Introduction

Head and neck cancers have a great impact as combined they are the sixth most common cancer in Europe, with more than 250,000 cases and 63,500 deaths annually [1]. In The Netherlands, incidence of patients with head and neck cancer has increased by 47% between 1989 and 2019 [2]. Sarcopenia, or low skeletal muscle mass, is defined by the European Working Group on Sarcopenia in Older People (EWGSOP) as a progressive and generalized skeletal muscle disorder that is associated with increased likelihood of adverse outcomes [3]. Sarcopenia in head and neck cancer patients represents an important population burden with a prevalence of 6.6–70.9% and is related with frailty, post-operative complications, chemotherapy dose-limiting toxicity, and decreased overall survival and relapse-free survival [4,5,6]. Previous studies have indicated that females are more prone to sarcopenia than males [4, 7].

According to the EWGSOP, presence of low skeletal muscle mass (SMM) confirms the diagnosis of sarcopenia [3]. Single-slice assessment of SMM on neck CT scans at the level of the third cervical vertebra (C3) has recently been validated by Swartz et al [8] and could therefore be a breakthrough for a novel radiological biomarker in head and neck cancer patients. However, certain patients with head and neck cancer subtypes will not undergo CT imaging of the neck, but instead undergo imaging with the use of magnetic resonance imaging (MRI).

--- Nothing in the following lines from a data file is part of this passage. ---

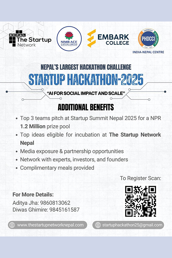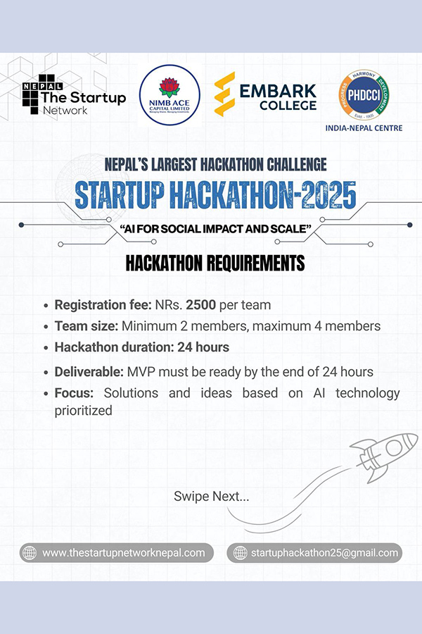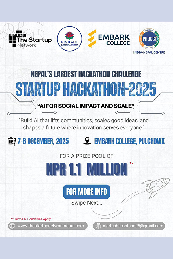 The Startup Network Nepal (TSN) said the two-day event, themed “AI for Social Impact and Scale”, will take place on December 7 and 8, 2025, at Embark College, Pulchowk in Lalitpur. Teams of two to four members will have 24 hours to develop a minimum viable product addressing a problem statement provided at the venue.
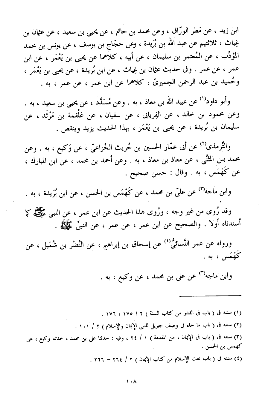 ابْن زَيْدٍ عَنْ مَطَرٍ الْوَرَّاقِ وَعَنْ مُحَمَّدِ بْنِ حَاتِمٍ عَنْ يَحْيَى بْنِ سَعِيدٍ عَنْ عُثْمَانَ بْنِ غِيَاثٍ ثَلاثَتُهُمْ عَنْ عَبْدِ اللَّهِ بْنِ بُرَيْدَةَ وَعَنْ حَجَّاجِ بْنِ يُوسُفَ عَنْ يُونُسَ بْنِ مُحَمَّدٍ الْمُؤَدِّبِ عَنِ الْمُعْتَمِرِ بْنِ سُلَيْمَانَ عَنْ أَبِيهِ كِلاهُمَا عَنْ يَحْيَى بْنِ يَعْمُرَ عَنِ ابْنِ عُمَرَ عَنْ عُمَرَ وَفِي حَدِيثِ عُثْمَانَ بْنِ غِيَاثٍ عَنِ ابْنِ بُرَيْدَةَ عَنْ يَحْيَى بْنِ يَعْمُرَ وَحُمَيْدِ بْنِ عَبْدِ الرَّحْمَنِ الْحِمْيَرِيِّ كِلاهُمَا عَنِ ابْنِ عُمَرَ عَنْ عُمَرَ بِهِ
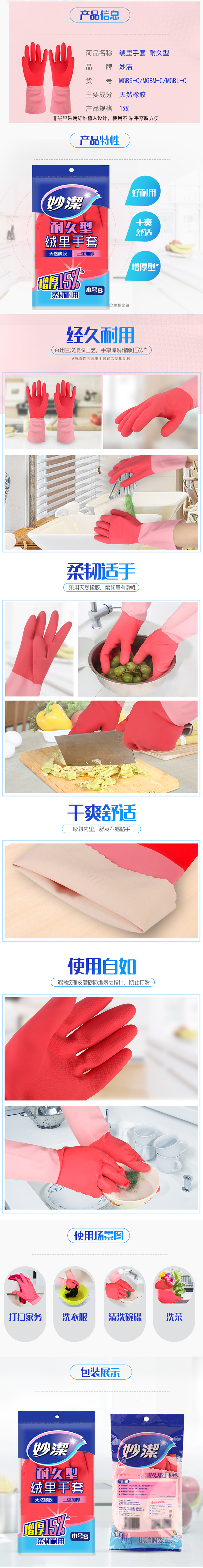 妙洁 耐久型 绒里手套 S号 随机色按(包)销售   收藏

This is especially the case not only for nasopharyngeal and sinonasal cancer, but also for other malignancies situated cranial to the hyoid bone [9,10,11,12], and in patients with iodinated contrast allergies.

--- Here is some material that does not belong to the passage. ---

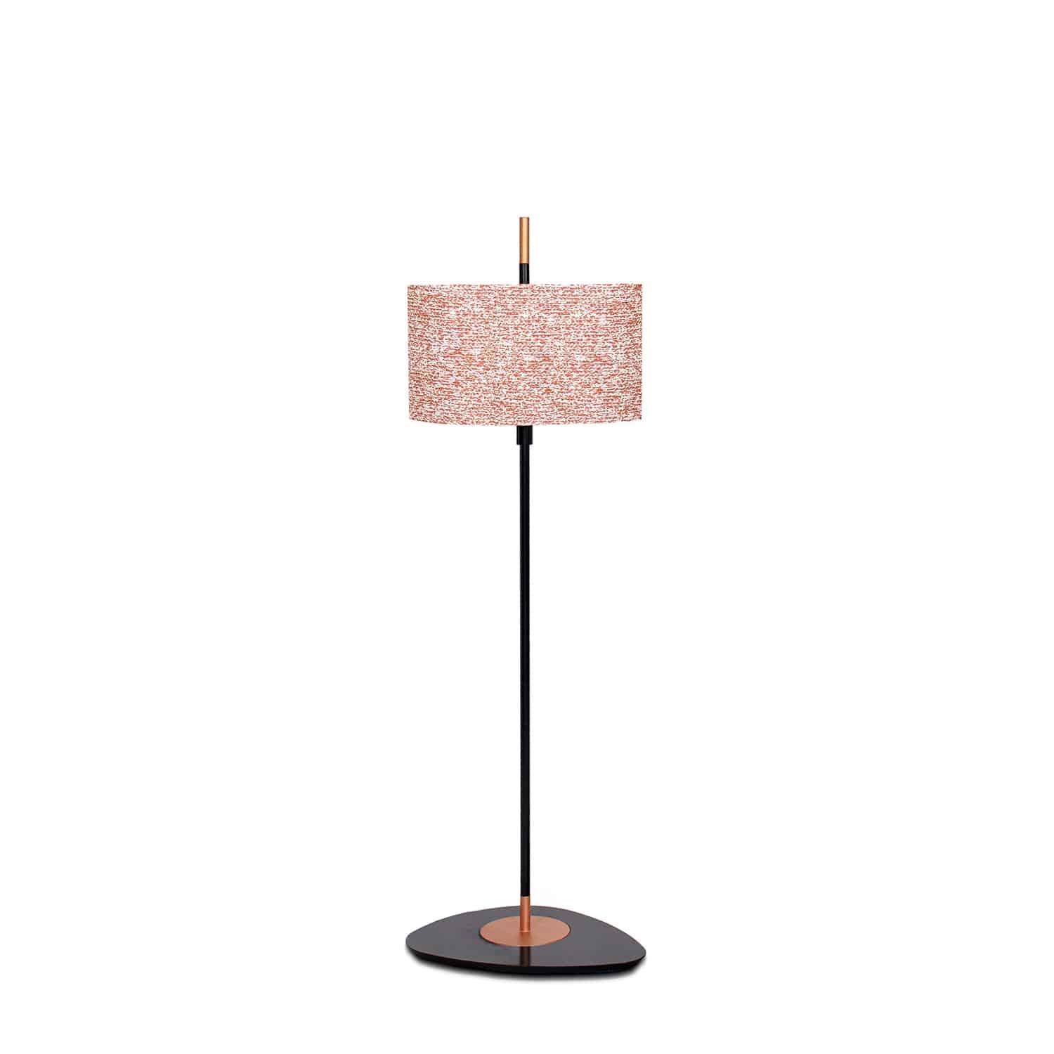 Podlahová lampa Lagoon môže byť nielen zdrojom svetla, ale aj ozdobou. Lagoon je osvetlenie, ktoré spája jednoduchú formu s metalickou nohou v čiernej a medenej farbe a farebným tienidlom s abstraktnými vzormi.
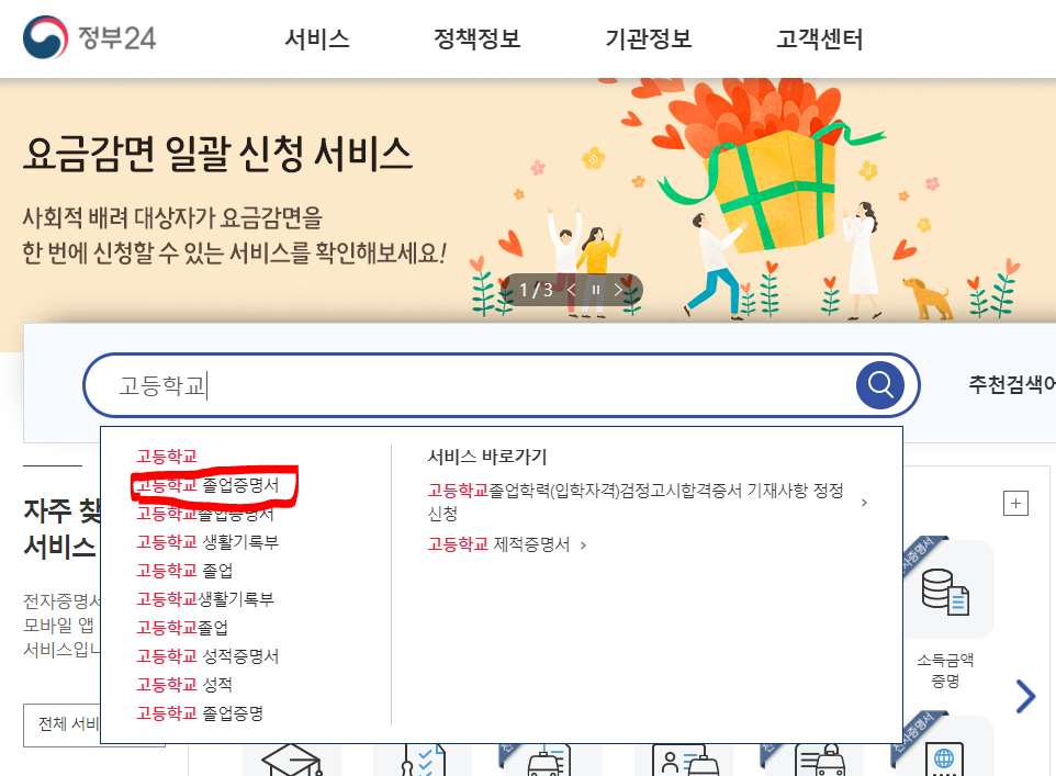 사이트에 들어오신 뒤에는 검색창이 하나 보이실겁니다. 그곳에서 고등학교 졸업증명서라고 검색을 해주셔야 합니다. 자동완성으로 아마 고등학교 졸업증명서 인터넷발급 등이 나올 것입니다. 검색을 하고 엔터를 눌러주시면 초ㄷ중등학교 졸업 증명서와 중등학교 성적증명 등의 내용이 나옵니다. 여기에서 고등학교에 대한 내용은 찾으실 수 없을 겁니다.

Previous studies indicated that cross-sectional area (CSA) measurements on CT and MRI scans can be used interchangeably for muscles of the limbs [13], thigh [14], paraspinal skeletal back muscles [15, 16], and abdomen [17]. A recently published retrospective study indicates that CSA measurements of the neck musculature at the C3 level, made on CT and MRI scans, can also be used interchangeably [18], and additionally CSA measurements made on CT scans at the level of C3 are reproducible [19]. However, it has not yet been clarified if CSA measurements at the level of C3 are comparable for all MRI sequences and field strengths in relation to CT. It is also unknown if CSA measurements of the neck musculature on MRI at the C3 level are robust in context of reproducibility and repeatability. We hypothesize that SMM measurements on CT and MRI neck scans at the level of C3 are equivalent. Hence, our aim is to analyze the agreement and correlation of CSA measurements made on CT and various MRI neck scans made with different sequences and flied strengths at the level of C3.

Materials and methods

Data was derived from OncoLifeS, a large oncological data-biobank [20]. Patients were prospectively included after written informed consent, and imaging data was retrospectively analyzed. The Medical Ethical Committee of the University Medical Centre of Groningen approved the data-biobank and the use of the data.

Patients and study design

Between November 2014 and November 2018, 1221 consecutive patients diagnosed with stage I–IV squamous cell carcinoma of the oral cavity, larynx, oropharynx, hypopharynx, and nasopharynx in the University Medical Centre of Groningen gave their informed consent in using their data in OncoLifeS (Fig. 1). In the presented analyses, patients were included with a maximum interval of 14 days between CT and MRI scans, to minimize time-dependent pathophysiological changes (n = 149). Excluded were scans with lymph node invasion into relevant muscles (n = 10), scans not capturing the relevant anatomy (n = 9), or scans with motion artefacts (n = 5). Total sample size was 125 patients with a mean age of 63 (42–82) years. Mean age for males was 64 (42–82) years and mean age for females was 61 (42–81) years.

Fig. 1
figure 1

Flowchart of included and excluded patients. HNC head and neck cancer, MRI magnetic resonance imaging, CT computed tomography, SMM Skeletal muscle mass

Image acquisition

All pre-treatment scans were acquired for clinical purposes and performed on a Siemens Healthcare CT (Biograph64, SOMATOM Force, SOMATOM Open, SOMATOM Definition AS or SOMATOM Definition Flash) and MRI scanners (1.5-T Area or 3-T Prisma or Skyra). CT scans were performed with intravenous iodine contrast (n = 115) or without (n = 10). CT image preference was a soft tissue kernel nearest to 30 (30, n = 78; 40, n = 39; 26, n = 8) with a slice thickness of 2.00 mm (2.00 mm, n = 107; 1.00 mm, n = 18).

Available sequences on 1.5-T MRI were T1 without contrast (repetition time/echo time (TR/TE) 2210–2780/55 ms, flip angle 150°, matrix 256 × 256, slice thickness 3 mm, and spacing between slices 3.6 mm), T1 vibe (volumetric interpolated breath-hold examination) with fat suppression and gadolinium 10–22 ml (TR/TE 5.04/2.34 ms, flip angle 10°, matrix 224 × 224, slice thickness 0.9 mm, 3D acquisition), and T2 (TR/TE 5990–8940/81 ms, flip angle 129–149°, matrix 320 × 320, slice thickness 3 mm, spacing between slices 3.6 mm).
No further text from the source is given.